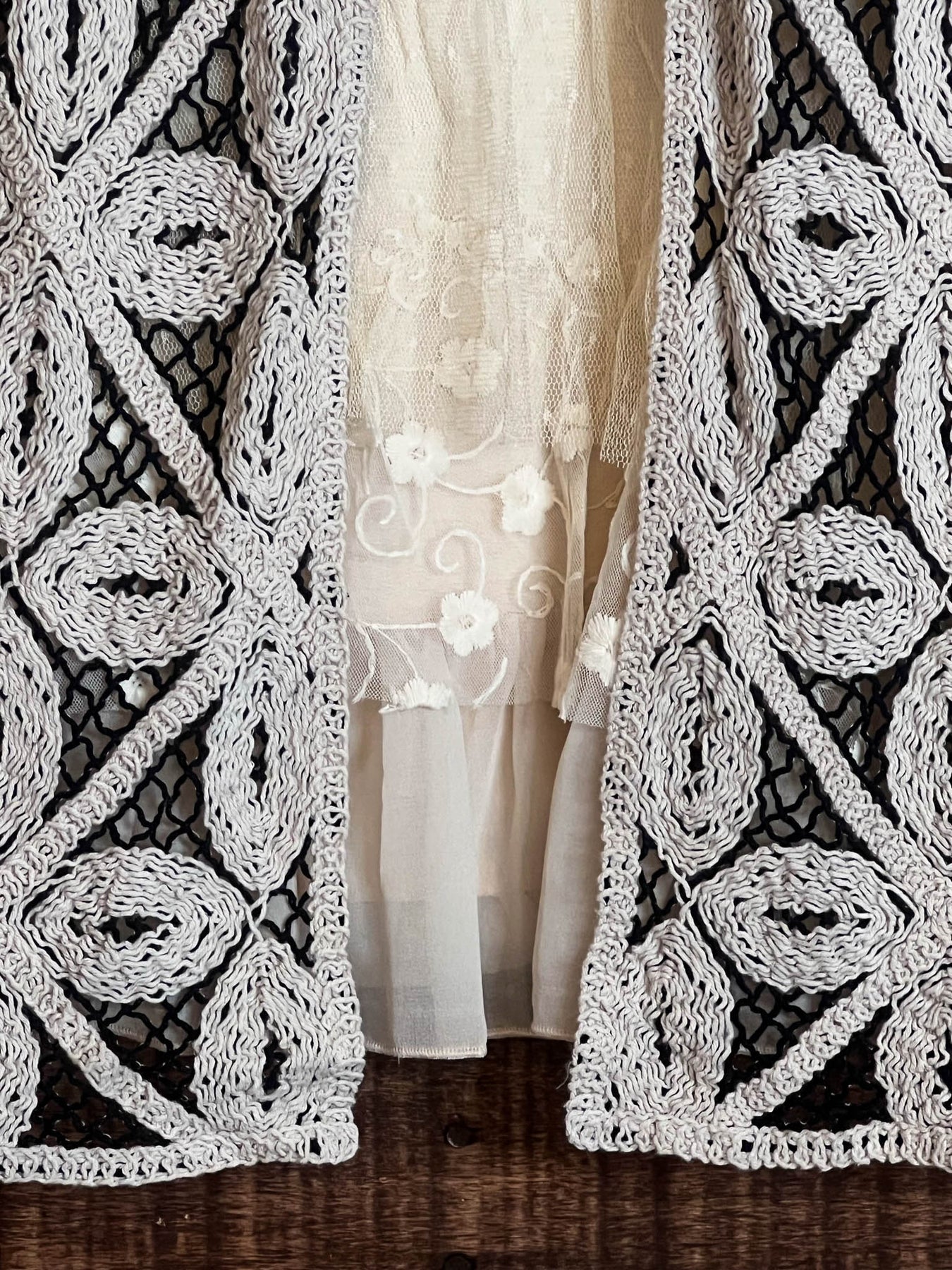 Magic In My Heart 100% Cotton Artisan Cardigan Jacket Beige/Black-------Sale
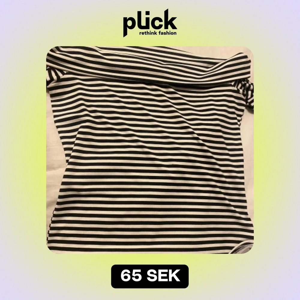 Svart vit randig off shoulder topp, som man kan vika ned kragen på Använd ungefär 3 gånger 89% polyester 11% elastan
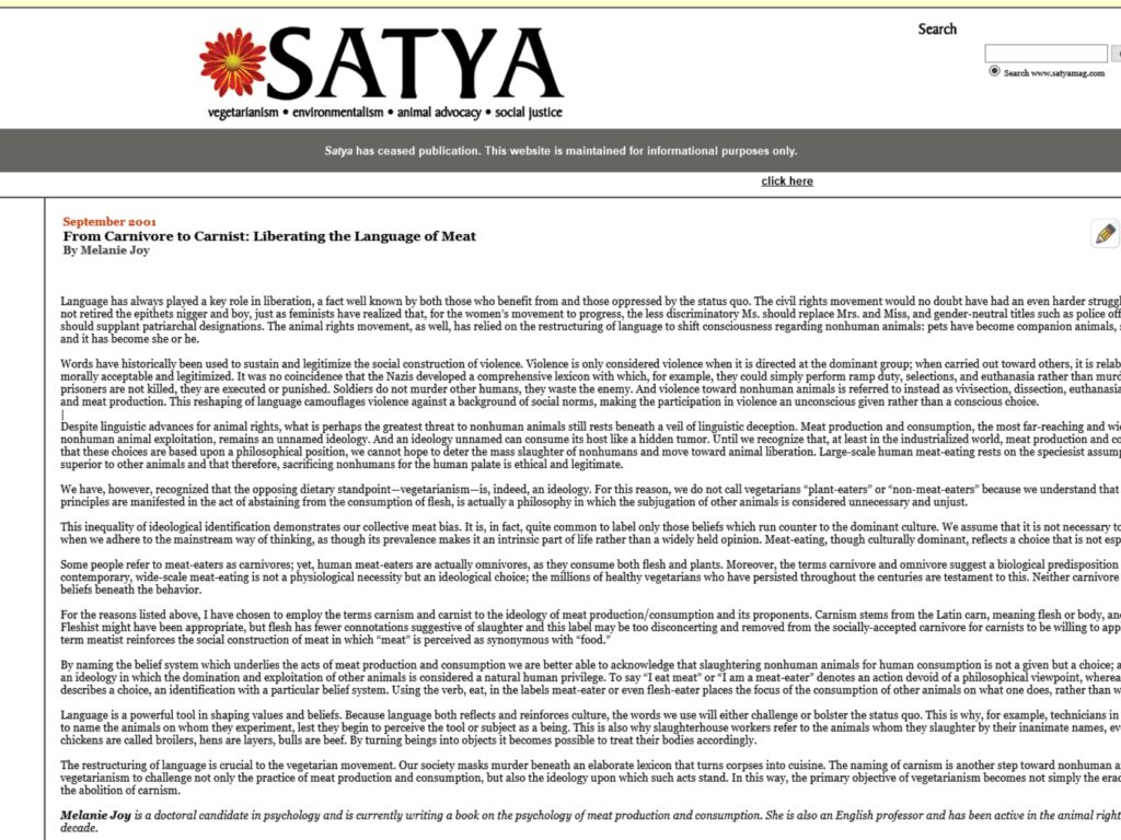 26 septembre 2001 – Création du terme « carnisme » par Melanie Joy 2000 - 2009 Articles de presse & blogs États-Unis Philosophie
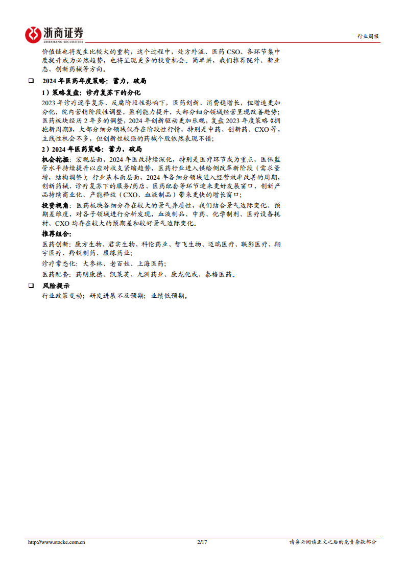 报告回顾了2023年策略,指出诊疗逐季复苏、反腐影响下,医药创新和消费稳增长但增速分化,院内营销调整,盈利能力提升。2024年,宏观层面医改持续深化,医疗环节成为重点,医保监管水平提升以应对收支紧缩,医药行业进入供给侧改革新阶段(需求量增,结构调整)。行业基本面层面,各细分领域进入经营效率改善周期,创新药械、诊疗复苏下的服务/药店、医药配套等环节迎来更好发展窗口,创新产品持续商业化、产能释放(CXO、血液制品)带来更快增长。投资视角上,血液制品、中药、化学制剂、医疗设备耗材、CXO均存在较大预期差和较好景气边际变化。报告推荐了包括康方生物、君实生物、迈瑞医疗等在内的医药创新组合;大参林、老百姓、上海医药等诊疗常态化组合;以及药明康德、凯莱英、泰格医药等医药配套组合。
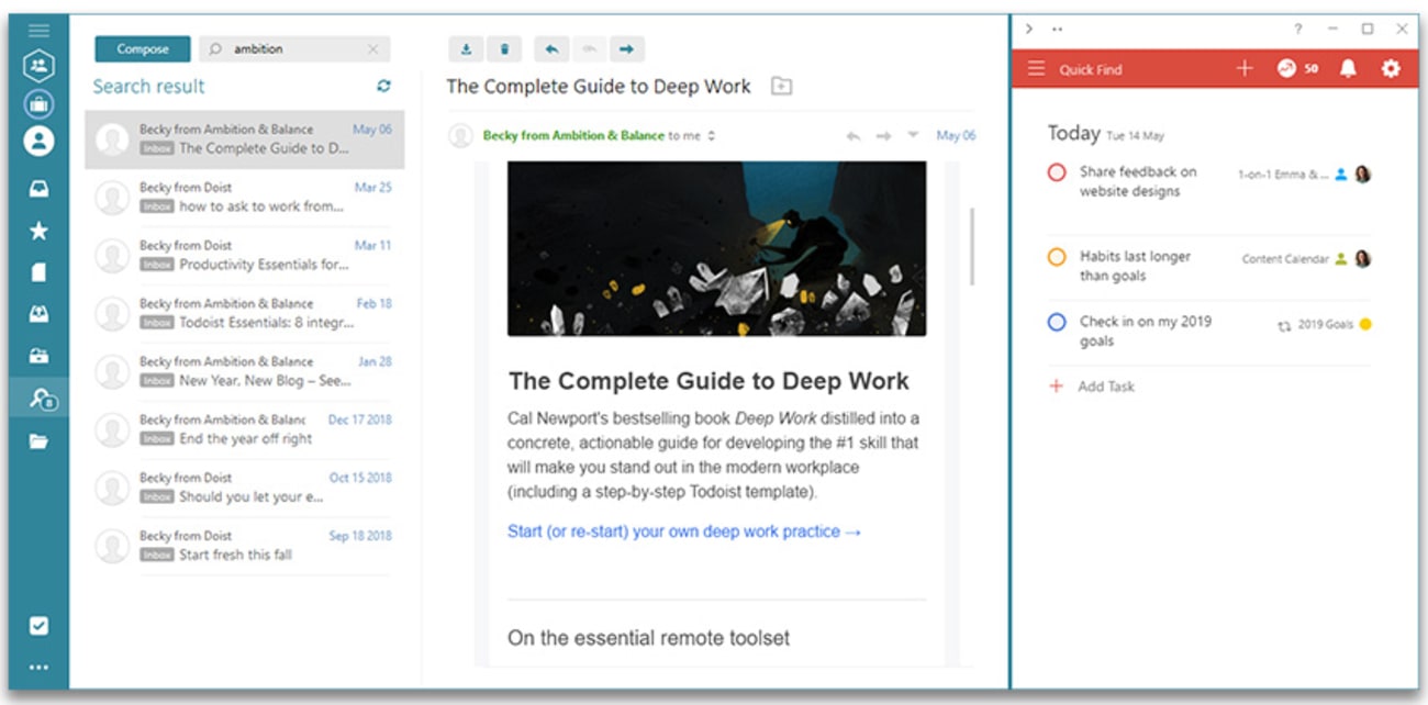 Díky této integraci uvidíte Todoist v aplikaci Mailbird a budete tak mít efektivnější přehled o všech důležitých úkolech a projektech.
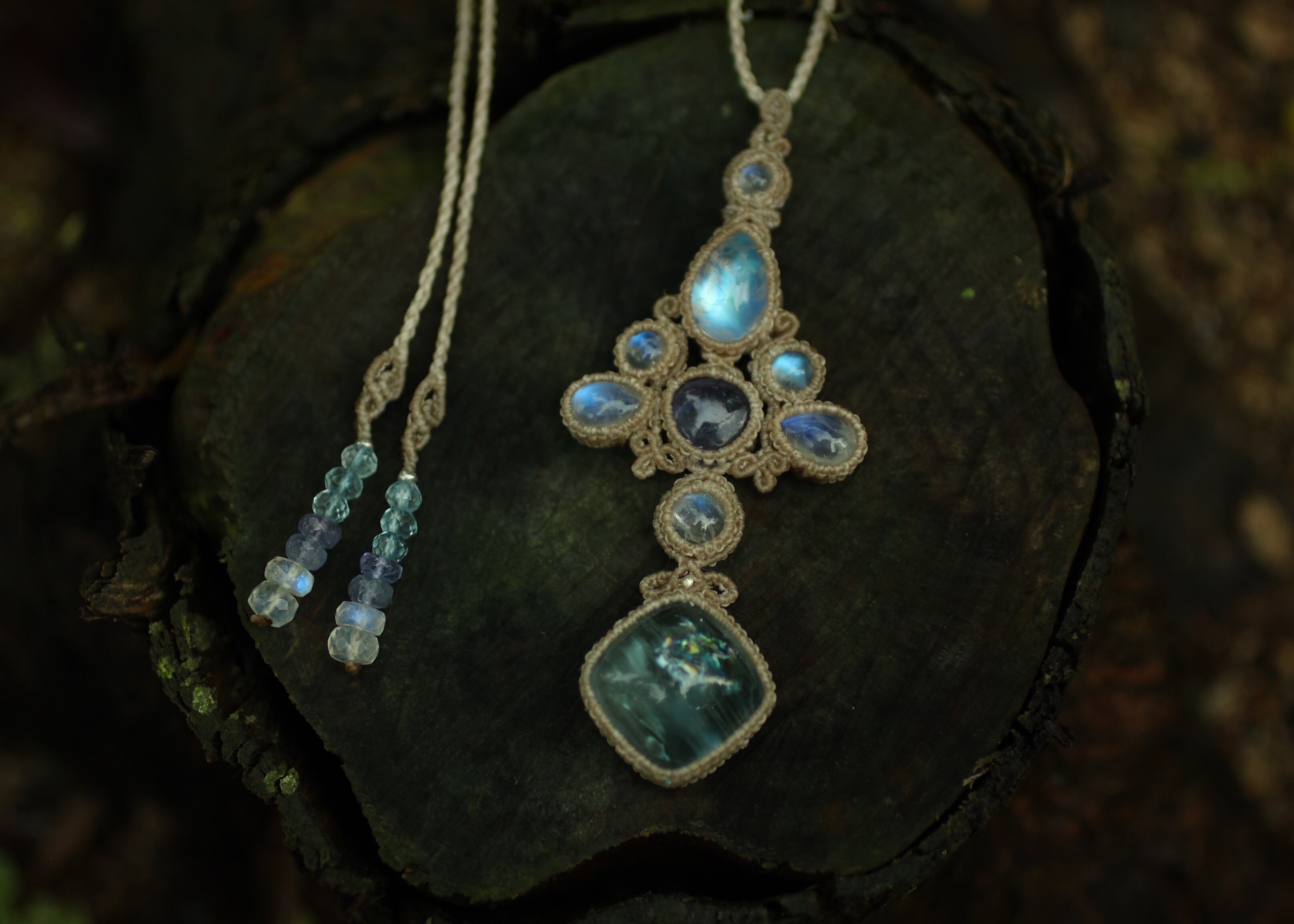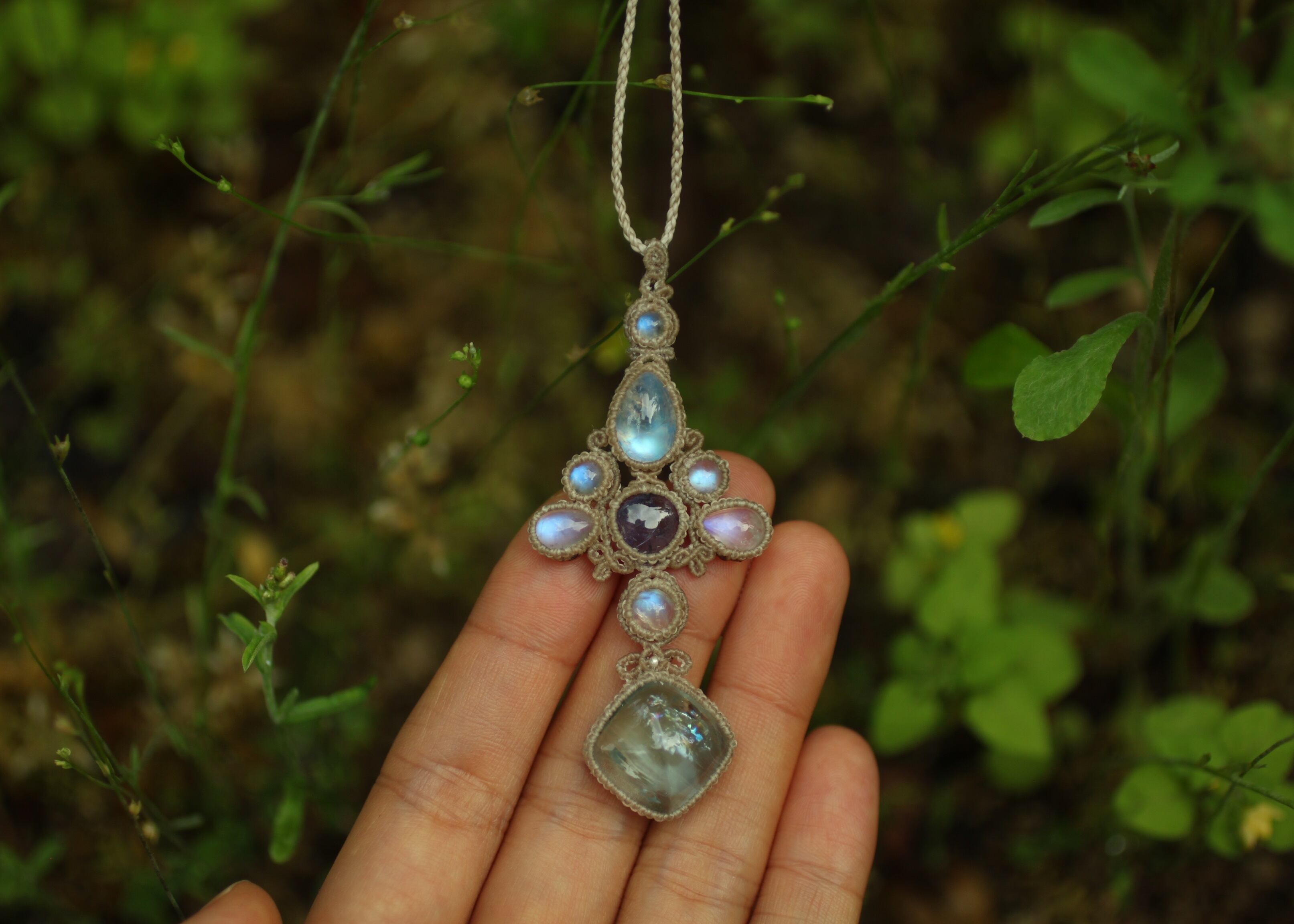 手縫い糸ほどの細いコードを使い出来る限り天然石の表情と繊細な仕上がりを重視し時間をかけ丁寧に編みました。
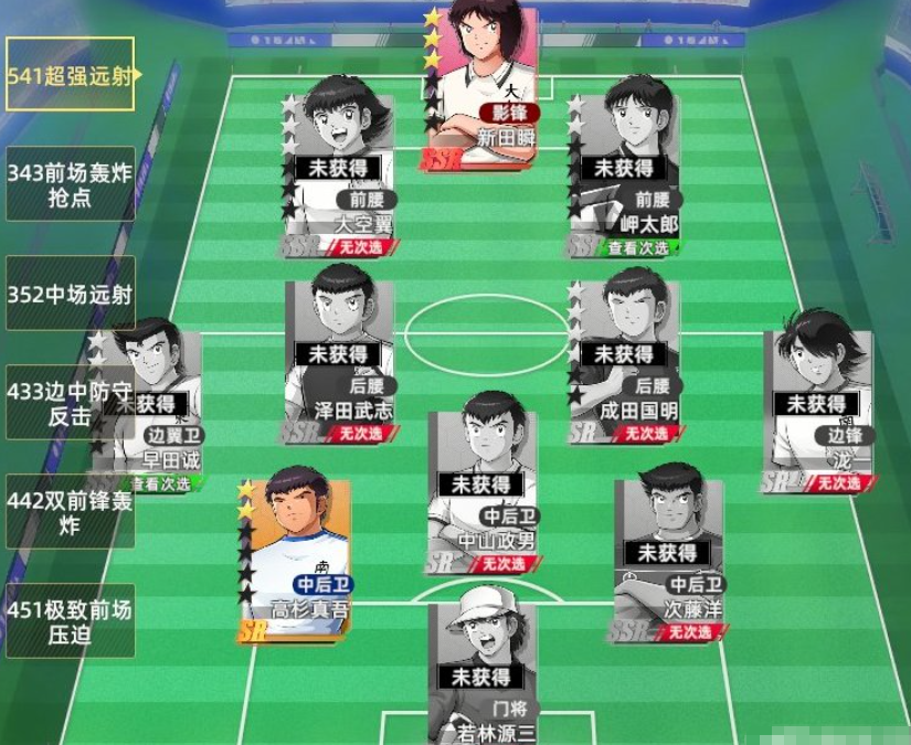首先为大家介绍的第一个阵容就是太空翼、岬太郎、泽田武志的搭配,这样搭配的时候,大家用一个阵型就是5-4-1,这个阵型搭配阵容效果来说,达到的循环机制是最好的,阵容当中主打的就是中场的球员,他能够带来远射进攻的能力,这样的话就保证前期大家能够快速进行进攻,前后腰定位上面的球员,他们基础都是可以带来远射这类效果,远射在射门的时期,其实在得分的情况上面是需要一定数值来进行支撑的,所以阵容整体效果来说,大家要以中场的球员为主要的核心,他们阵容搭配成功之后,只要远射进攻被针对大家,这也可以改变自己的战术,利用前腰球员他们足够的强点效果来跟中锋的建设角色进行搭配。
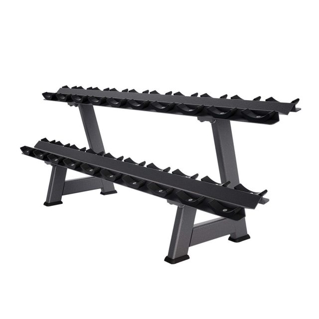 Позволяет поддерживать порядок в зоне силовых тренировок, экономит место, обеспечивает безопасность хранения гантелей.
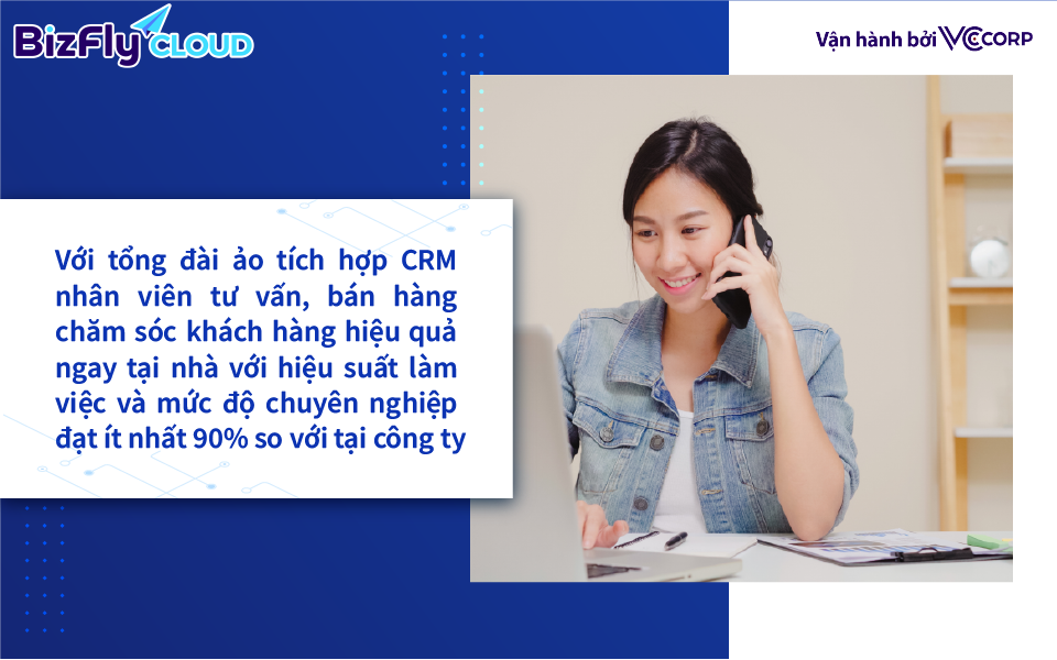 Vì thế, nhân viên vẫn có thể tư vấn, bán hàng chăm sóc khách hàng hiệu quả ngay tại nhà với hiệu suất làm việc và mức độ chuyên nghiệp đạt ít nhất 90% so với tại công ty. Bên cạnh đó, doanh nghiệp quản lý được chất lượng và hiệu suất làm việc thực chất của sale, nhân viên tư vấn, chăm sóc khách hàng từ xa.
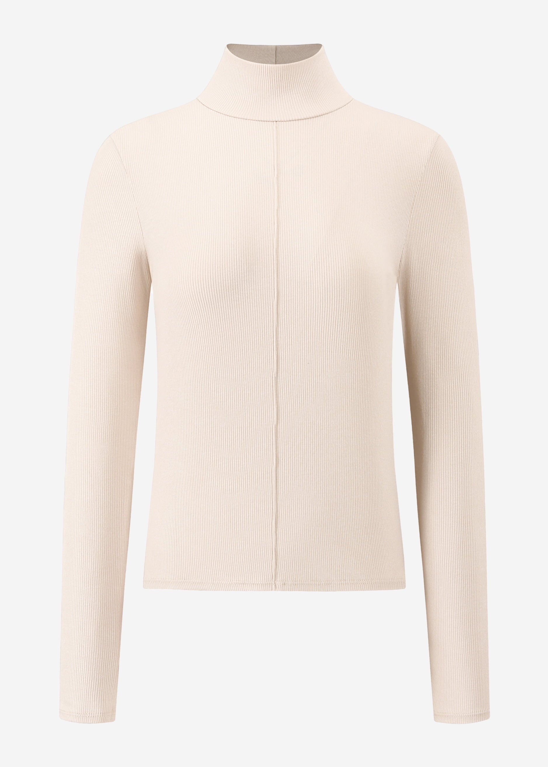 Dieses enganliegende Langarmshirt aus geripptem Viskose-Jersey hat einen Rollkragen. Eine längslaufende Biese in der Mitte betont die Figur.
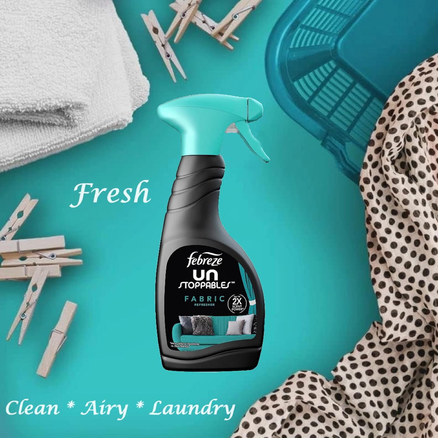 Unstoppables Fabric Freshener gives your soft surfaces a bold freshness. Indulge in an intense and long-lasting scent experience, thanks to the highly concentrated Unstoppables perfume. The Fresh scent is inspired by the ocean spray, invigorated with zesty green citrus fruits and has creamy sweet bottom notes. Our range of scent will add a luxurious touch of rejuvenating glory to your fabrics with natural characters.

- - - -

▸ **Prompt**
Starting at the line above that contains "Vì thế, nhân", transcribe every line exactly through the line that contains "Dieses enganliegende Langarmshirt", including that last one, and skip the pictures.

▸ **Task response**
 Vì thế, nhân viên vẫn có thể tư vấn, bán hàng chăm sóc khách hàng hiệu quả ngay tại nhà với hiệu suất làm việc và mức độ chuyên nghiệp đạt ít nhất 90% so với tại công ty. Bên cạnh đó, doanh nghiệp quản lý được chất lượng và hiệu suất làm việc thực chất của sale, nhân viên tư vấn, chăm sóc khách hàng từ xa.
 Dieses enganliegende Langarmshirt aus geripptem Viskose-Jersey hat einen Rollkragen. Eine längslaufende Biese in der Mitte betont die Figur.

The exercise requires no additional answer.